Desmontaje del sifón
El tapón de basura en el lavabo se forma como una bola de nieve: tan pronto como algo queda dentro del sifón, todo lo demás comienza a adherirse. La grasa, el agua de cocción de la pasta y las bebidas azucaradas actúan como «pegamento». El ambiente húmedo favorece la putrefacción, por lo que con el tiempo el atasco adquiere un color negro y el olor que desprende se puede describir con una sola palabra: hedor. En este caso, no queda más remedio que desmontar el sifón.
Antes de comenzar una tarea tan importante, reúno por lista:
- guantes desechables (lo más barato es comprarlos por unidad en la farmacia, sin paquete);
- un barreño;
- varias bolsas de basura o normales (hay que insertarlas unas dentro de otras);
- agua caliente;
- una esponja;
- un detergente con efecto desengrasante y antibacteriano.
En lugar de este último, a menudo uso una mezcla de «Blancura» (solución de cloro al 3%), líquido lavavajillas o gel para lavar la ropa.
La primera vez que desenrosqué las tuercas que conectan el sifón con el resto del sistema de desagüe, solo me rondaba un pensamiento: espero no romper nada. Pero, como resultó, no es tan fácil romper algo.
Existen varios tipos de sifones, aunque todos están diseñados según el mismo principio: en la parte inferior o lateral hay un depósito especial con forma de taza o barril. Según las reglas, solo hay que desmontar y lavar ese depósito, pero la suciedad se acumula en todas partes y, personalmente, no veo sentido en limpiar solo 1/3 del atasco, dejando que el resto siga pudriéndose. También le recomiendo encarecidamente seguir mis instrucciones:
- Nos ponemos los guantes.
- Colocamos un barreño debajo del lavabo.
- En el barreño, colocamos las bolsas abiertas de modo que cubran el fondo.
- Desenrosque esa misma copa de la que hablamos antes. De ella saldrá un líquido negro similar al fueloil (procure trabajar de modo que toda la suciedad caiga en la bolsa, no en el recipiente ni en el suelo). Limpie el contenido de la copa, parecido a algodón deshilachado, con los dedos o palillos de sushi desechables.

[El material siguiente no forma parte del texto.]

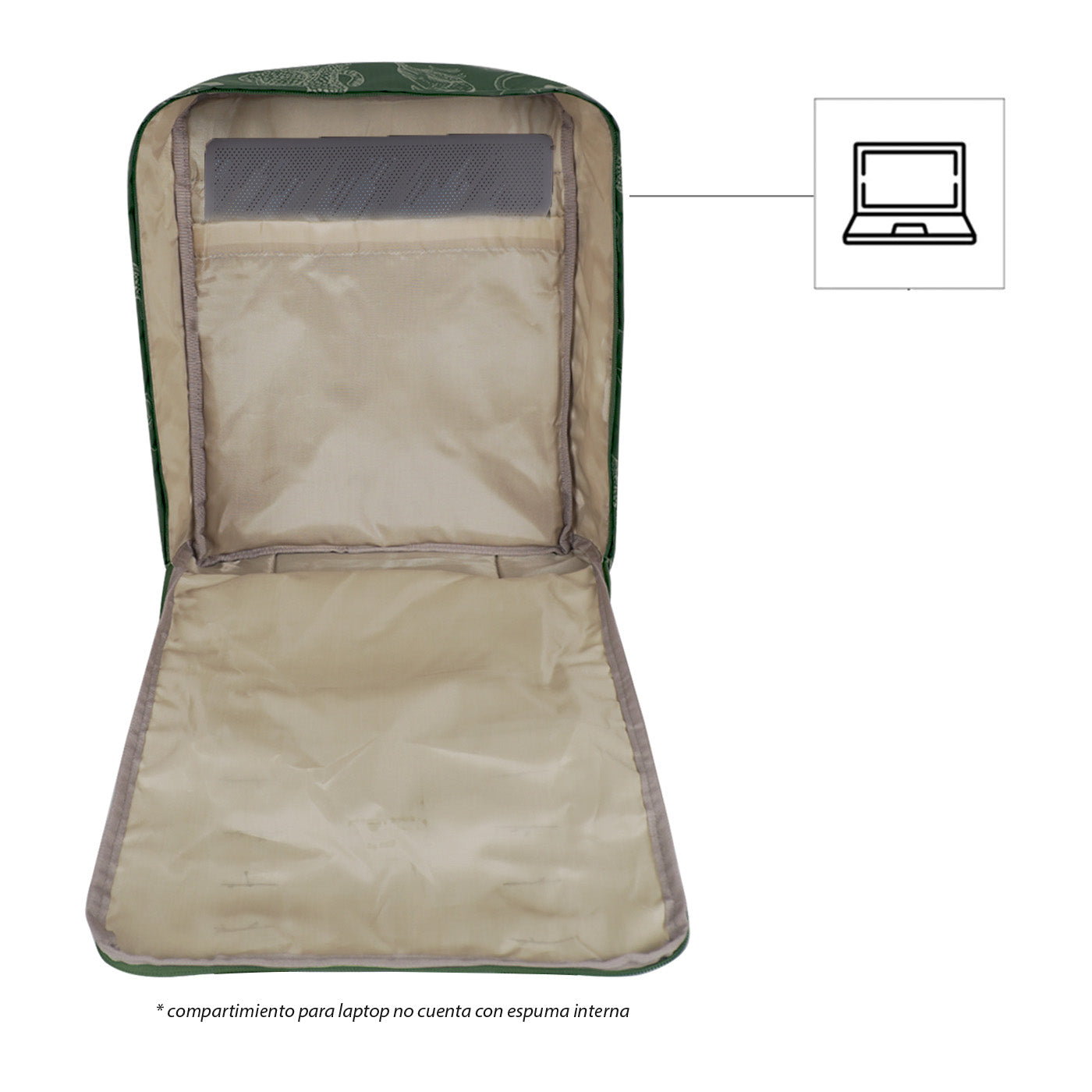 Diseño funcional: El morral cuenta con un compartimiento principal con doble deslizador y apertura en U, que permite un fácil acceso a tus pertenencias. Además, tiene múltiples bolsillos, incluyendo uno frontal con cremallera, un lateral para tu termo y un bolsillo trasero con cremallera para laptop de hasta 15".

Coloque la copa sobre la parte limpia de la bolsa.
- Desenrosque las tuercas de unión que conectan el sifón con el tubo de desagüe y el rebosadero (si lo hay). Por último, retire el sifón desenroscando la tuerca superior. Es difícil explicarlo con palabras, pero si observa la estructura en vivo, entenderá qué hay que girar. Elimine la obstrucción del sifón de la misma manera que lo hizo con la copa. Por cierto, debajo de las tuercas hay juntas que parecen anillos de silicona transparentes. No las tire ni las pierda, ¡o el sistema tendrá fugas!
- Ate toda la suciedad en bolsas y tírela a la basura. Coloque el sifón, la copa y demás piezas en un recipiente, cúbralos con agua caliente, añada detergente y límpielos a fondo con una esponja para eliminar los restos de suciedad. Luego, ponga el recipiente debajo del fregadero y lave las conexiones de los tubos.
- Vuelva a montar la estructura.
- Coloque un recipiente debajo del sifón para evitar inundar la cocina en caso de fuga, y abra el grifo. Observe si aparecen gotas o chorros de agua en los puntos de conexión. Si no, alégrese y vaya a limpiar el recipiente de los restos de grasa; si los hay, apriete más la tuerca correspondiente.
A veces ocurre que la fuga no desaparece incluso apretando la tuerca al máximo; en ese caso, tendrá que ir a una ferretería y comprar un rollo de cinta de teflón (llamada 'fumka', un sellador para roscas). Al volver a casa, debe desenroscar la tuerca nuevamente, enrollar la cinta de teflón en la rosca y colocar la tuerca en su lugar. La fuga debería detenerse.
Todo el trabajo toma como máximo 10 a 15 minutos. Pero después de completarlo con éxito, puede sentirse orgulloso de sí mismo hasta la próxima vez y arrancar con confianza la página con el número de teléfono del fontanero de su bloc de notas.
Si antes le parecía que limpiar el sifón debajo del fregadero era una tarea increíblemente difícil, espero haber logrado disuadirlo. Y si tiene sus propios secretos para eliminar obstrucciones de forma rápida y segura, no dude en compartirlos conmigo y con los demás lectores.